Lincoln Town Car

The Lincoln Town Car manufacture by Lincoln automobile company. Read more to view more detail and video reviews. Please feel free to comments and give rating to help others


The Lincoln Town Car is a full-size, rear-wheel drive luxury sedan sold by Ford’s upscale Lincoln brand. The Town Car features a V8 engine and large exterior and interior dimensions.[1]

The Town Car is, despite recently declining sales numbers, one of the best selling American luxury cars. It also serves as America’s most used limousine and chauffeured car.[2] While relatively affordable when compared to European flagship luxury sedans, the Town Car is currently the most expensive American luxury sedan (according to base MSRP) with prices ranging from $45,815 for a basic Signature Series to $54,140 for a top-of-the-line Signature L Series.[3] The Town Car has been available featuring ballistic protection since 2003 with prices starting at $144,995.[4]

In 2006, Ford considered ending production of Lincoln’s largest model after the planned closing of the Wixom Assembly Plant in Wixom, Michigan in 2007 causing near panic, of a transportation nature, on Wall Street.[5] Ford ultimately decided to keep the model and move assembly to the St. Thomas Assembly Plant in Ontario, Canada where the Ford Crown Victoria and Mercury Grand Marquis, which also use the Ford Panther platform, are currently built. The Town Car’s manufacture resumed at its new location in late 2007.[6] The first Canadian-built Town Car rolled off the assembly line on January 10, 2008.[7] The Town Car is currently the largest Canadian-made car, measuring nearly 18 feet (5.49 m) in length for a standard Town Car and 18+1/2 ft (5.64 m) for an L Edition.[3]

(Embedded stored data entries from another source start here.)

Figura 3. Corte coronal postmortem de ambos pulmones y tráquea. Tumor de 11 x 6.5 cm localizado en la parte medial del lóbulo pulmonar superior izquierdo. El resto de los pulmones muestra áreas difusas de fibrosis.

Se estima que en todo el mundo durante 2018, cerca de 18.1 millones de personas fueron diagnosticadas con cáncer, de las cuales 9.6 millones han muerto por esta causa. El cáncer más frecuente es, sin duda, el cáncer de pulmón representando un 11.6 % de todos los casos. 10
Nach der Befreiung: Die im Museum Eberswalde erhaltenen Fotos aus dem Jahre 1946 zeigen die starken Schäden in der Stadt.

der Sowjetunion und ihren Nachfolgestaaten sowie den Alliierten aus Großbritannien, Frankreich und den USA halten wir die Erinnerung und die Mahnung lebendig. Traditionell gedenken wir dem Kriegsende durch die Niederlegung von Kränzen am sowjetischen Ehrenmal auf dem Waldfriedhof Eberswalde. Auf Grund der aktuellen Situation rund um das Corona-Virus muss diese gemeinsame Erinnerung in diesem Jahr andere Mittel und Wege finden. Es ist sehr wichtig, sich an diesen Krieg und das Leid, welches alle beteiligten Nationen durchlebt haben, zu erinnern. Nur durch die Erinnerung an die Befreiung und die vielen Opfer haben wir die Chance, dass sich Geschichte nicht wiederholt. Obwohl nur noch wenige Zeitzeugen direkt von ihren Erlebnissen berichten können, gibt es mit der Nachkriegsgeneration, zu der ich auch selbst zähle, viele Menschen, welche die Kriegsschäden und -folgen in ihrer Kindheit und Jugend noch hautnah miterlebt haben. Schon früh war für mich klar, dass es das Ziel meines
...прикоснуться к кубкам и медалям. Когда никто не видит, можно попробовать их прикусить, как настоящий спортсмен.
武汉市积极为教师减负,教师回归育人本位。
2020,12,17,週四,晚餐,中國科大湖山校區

Consumer Guide cites the vehicle’s strengths as comfort, materials, and ride quality, with weaknesses cited as acceleration and handling.[8] The Town Car is one of the safest cars available on the North American market.[9]

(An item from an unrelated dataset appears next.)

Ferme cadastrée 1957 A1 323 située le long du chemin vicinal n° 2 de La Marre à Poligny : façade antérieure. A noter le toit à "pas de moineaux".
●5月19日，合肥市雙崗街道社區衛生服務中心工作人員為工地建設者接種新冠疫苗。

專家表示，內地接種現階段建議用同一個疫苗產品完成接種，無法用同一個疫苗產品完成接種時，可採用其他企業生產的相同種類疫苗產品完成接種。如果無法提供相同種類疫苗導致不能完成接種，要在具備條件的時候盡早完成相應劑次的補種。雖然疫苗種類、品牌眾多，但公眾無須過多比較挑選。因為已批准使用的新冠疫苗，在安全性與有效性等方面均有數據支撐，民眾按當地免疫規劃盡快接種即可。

It is probably not a coincidence that “Town Car” is English for “Sedan de Ville,” Cadillac’s model that was gaining popularity in the 1950s. Both names refer to a classic style of limousine, popular in the 1920s, which had an open chauffeur’s compartment up front, but only Lincoln has sometimes attempted to make its modern models visually suggest their older namesakes. Many examples from the 1970s and 1980s have a vinyl roof style which sweeps down the center pillar as part of a raised molding, complete with opera lamps, which suggests a partition between front and rear seats, while no vinyl is applied to the front section of the roof over the driver.